AssemblyAI's Speech API empowers developers and businesses to transform speech data into actionable insights with exceptional accuracy and ease of use. This API leverages advanced machine learning models to transcribe audio and video recordings, extract valuable information, and unlock the potential of your speech content.

Authentication:

AssemblyAI utilizes API keys for authentication. You can obtain your free API key by creating an account on the AssemblyAI platform.

Here's a breakdown of some key AssemblyAI Speech API endpoints along with JavaScript example code snippets for each:

1. Speech-to-Text Transcription (Transcription)
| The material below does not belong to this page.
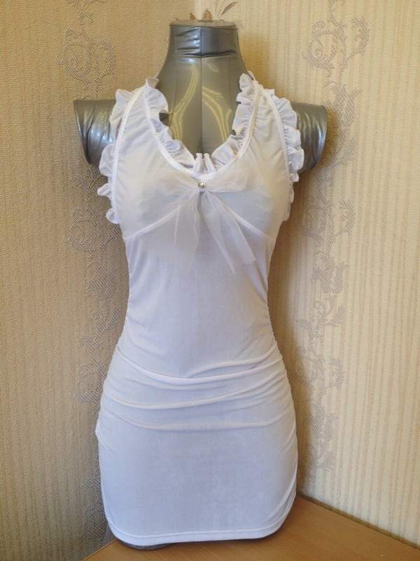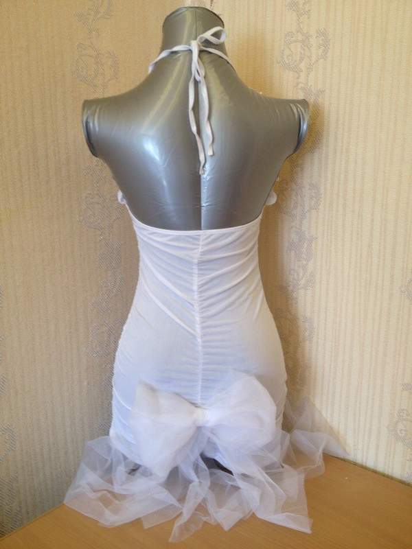 Обтягивающая сорочка с больши бантом сзади в комплекте с фатой и трусиками хорошо подойдет для первой брачной ночи!

  • About: This API endpoint transcribes audio and video recordings into high-fidelity text transcripts.
  • Type: POST
  • JavaScript Example:
const apiKey = 'YOUR_API_KEY';
const url = 'https://api.assemblyai.com/v2/uploads';

const data = new FormData();
data.append('audio_url', 'https://www.example.com/audio.mp3'); // Replace with your audio URL
data.append('transcription_type', 'automated'); // Choose transcription type (automated or human-reviewed)

const headers = {
    Authorization: `Bearer ${apiKey}`,
};

fetch(url, { method: 'POST', headers, body: data })
    .then((response) => response.json())
    .then((data) => {
        console.log('Upload ID:', data.id);
        // Use the upload ID to track the status and retrieve the completed transcript
    })
    .catch((error) => console.error(error));

2. Real-time Speech-to-Text (Streaming) (Paid Plans)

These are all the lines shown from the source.